▸ Records for the task
Content starts

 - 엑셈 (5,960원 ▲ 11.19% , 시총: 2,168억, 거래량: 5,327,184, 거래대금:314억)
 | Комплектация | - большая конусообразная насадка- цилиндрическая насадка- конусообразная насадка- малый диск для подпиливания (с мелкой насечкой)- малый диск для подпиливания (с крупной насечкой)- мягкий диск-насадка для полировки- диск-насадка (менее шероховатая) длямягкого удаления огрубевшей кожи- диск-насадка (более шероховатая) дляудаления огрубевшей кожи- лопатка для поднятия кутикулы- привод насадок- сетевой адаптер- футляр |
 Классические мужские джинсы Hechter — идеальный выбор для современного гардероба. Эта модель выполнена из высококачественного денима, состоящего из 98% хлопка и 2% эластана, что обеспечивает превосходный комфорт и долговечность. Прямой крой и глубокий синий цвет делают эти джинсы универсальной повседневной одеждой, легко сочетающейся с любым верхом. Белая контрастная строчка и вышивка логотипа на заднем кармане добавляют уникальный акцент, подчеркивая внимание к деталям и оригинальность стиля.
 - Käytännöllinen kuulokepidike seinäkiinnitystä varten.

Content ends
Content starts

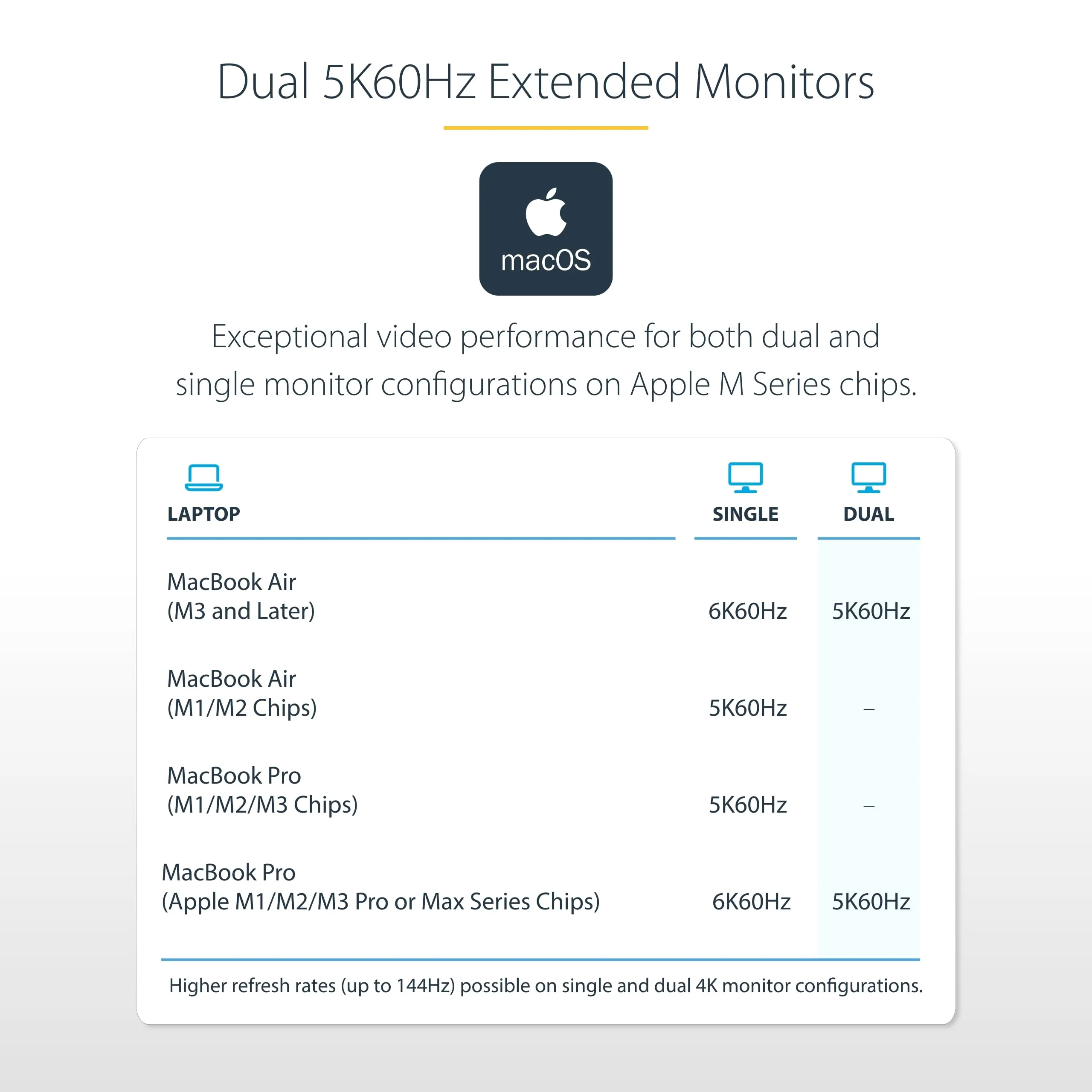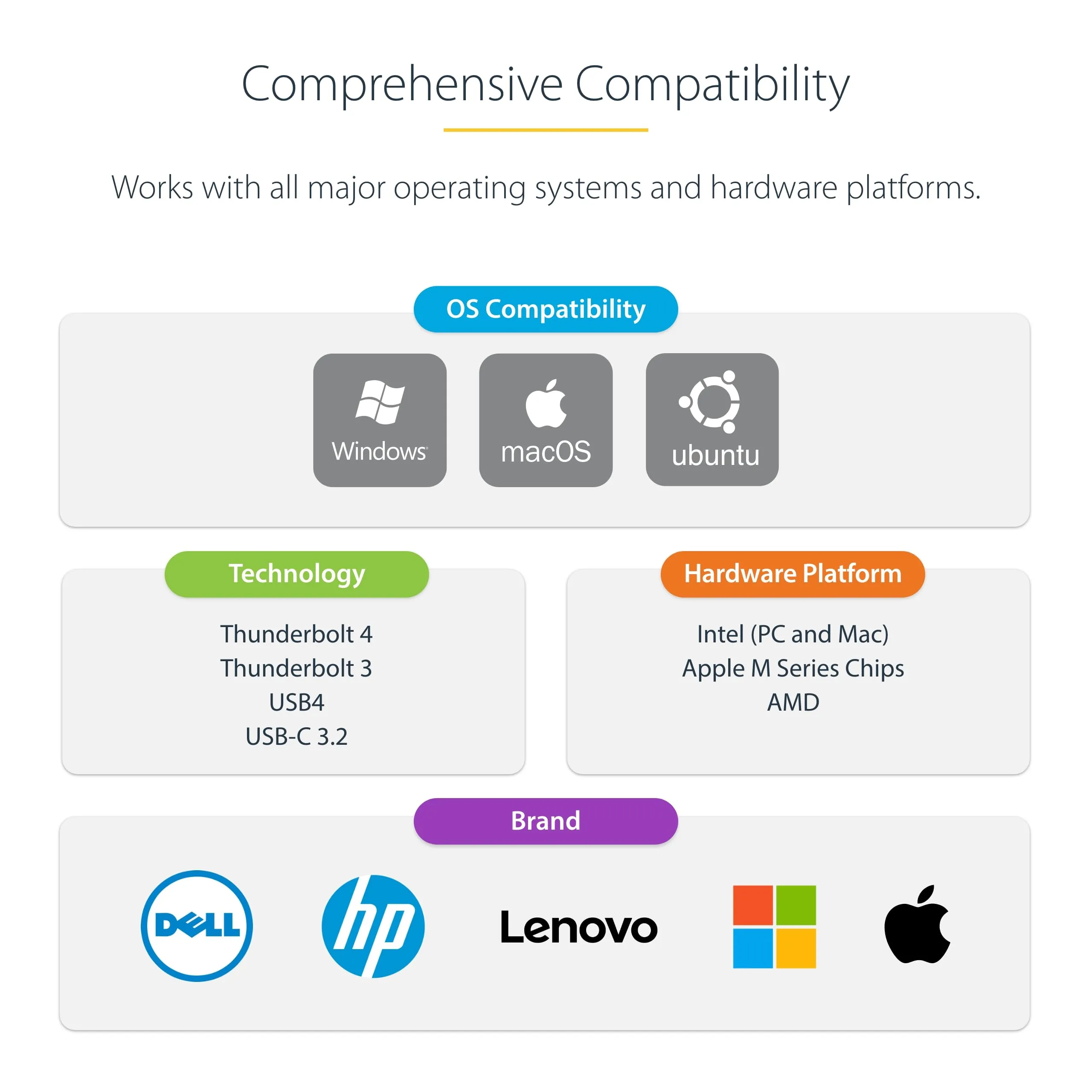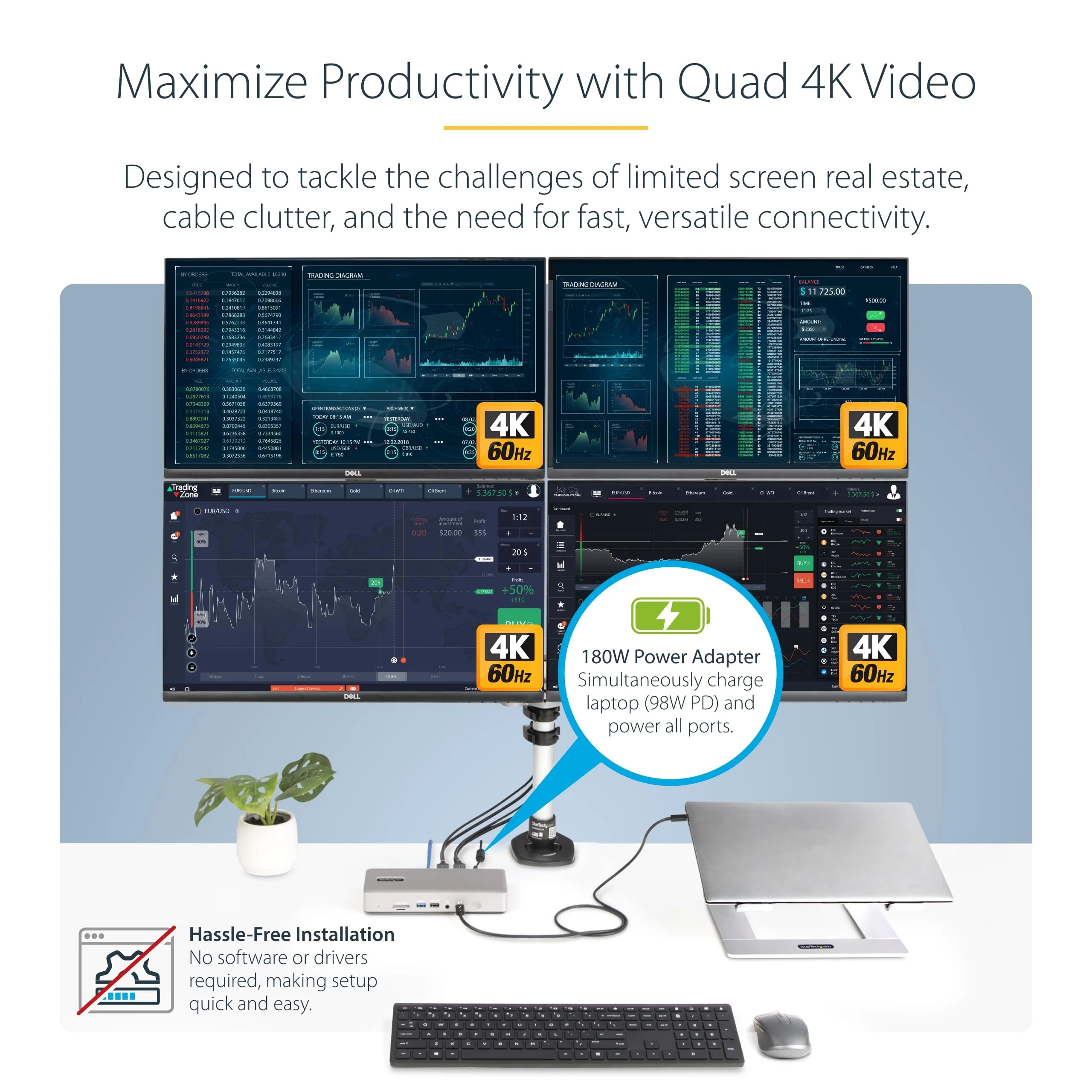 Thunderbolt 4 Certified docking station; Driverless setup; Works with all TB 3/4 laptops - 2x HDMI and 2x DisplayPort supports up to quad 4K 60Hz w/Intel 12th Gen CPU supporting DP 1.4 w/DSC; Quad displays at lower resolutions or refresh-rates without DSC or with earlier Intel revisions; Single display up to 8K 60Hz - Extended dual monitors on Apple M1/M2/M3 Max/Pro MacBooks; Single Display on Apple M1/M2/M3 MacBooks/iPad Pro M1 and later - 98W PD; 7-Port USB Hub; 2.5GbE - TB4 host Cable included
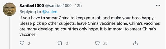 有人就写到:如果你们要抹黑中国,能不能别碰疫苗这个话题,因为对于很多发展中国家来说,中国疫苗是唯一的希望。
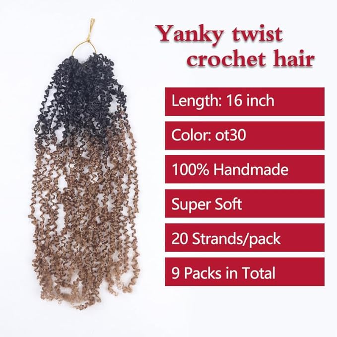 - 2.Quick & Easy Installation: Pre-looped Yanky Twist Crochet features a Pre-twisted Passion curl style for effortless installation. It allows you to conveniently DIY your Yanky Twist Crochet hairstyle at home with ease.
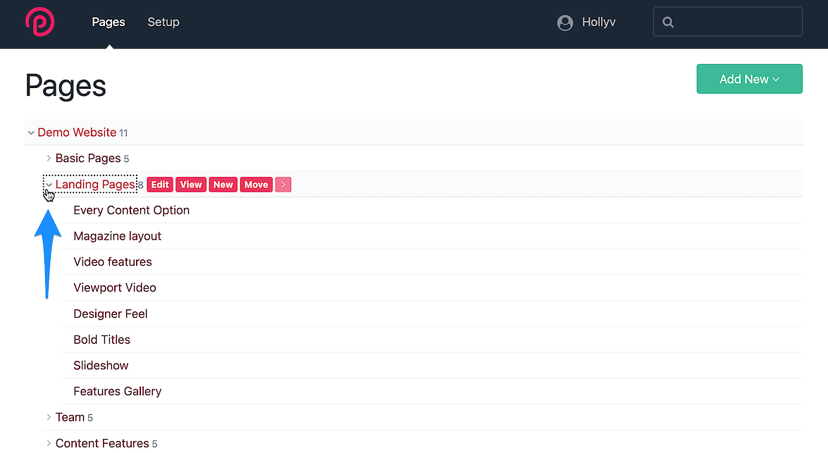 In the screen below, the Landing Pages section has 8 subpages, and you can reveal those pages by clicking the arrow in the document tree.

Content ends

Given the listing above, repeat exactly the lines starting at the one with "Thunderbolt 4 Certified" and ending at the one with "有人就写到:如果你们要抹黑中", inclusive, excluding pictures.

▸ Response area
 Thunderbolt 4 Certified docking station; Driverless setup; Works with all TB 3/4 laptops - 2x HDMI and 2x DisplayPort supports up to quad 4K 60Hz w/Intel 12th Gen CPU supporting DP 1.4 w/DSC; Quad displays at lower resolutions or refresh-rates without DSC or with earlier Intel revisions; Single display up to 8K 60Hz - Extended dual monitors on Apple M1/M2/M3 Max/Pro MacBooks; Single Display on Apple M1/M2/M3 MacBooks/iPad Pro M1 and later - 98W PD; 7-Port USB Hub; 2.5GbE - TB4 host Cable included
 有人就写到:如果你们要抹黑中国,能不能别碰疫苗这个话题,因为对于很多发展中国家来说,中国疫苗是唯一的希望。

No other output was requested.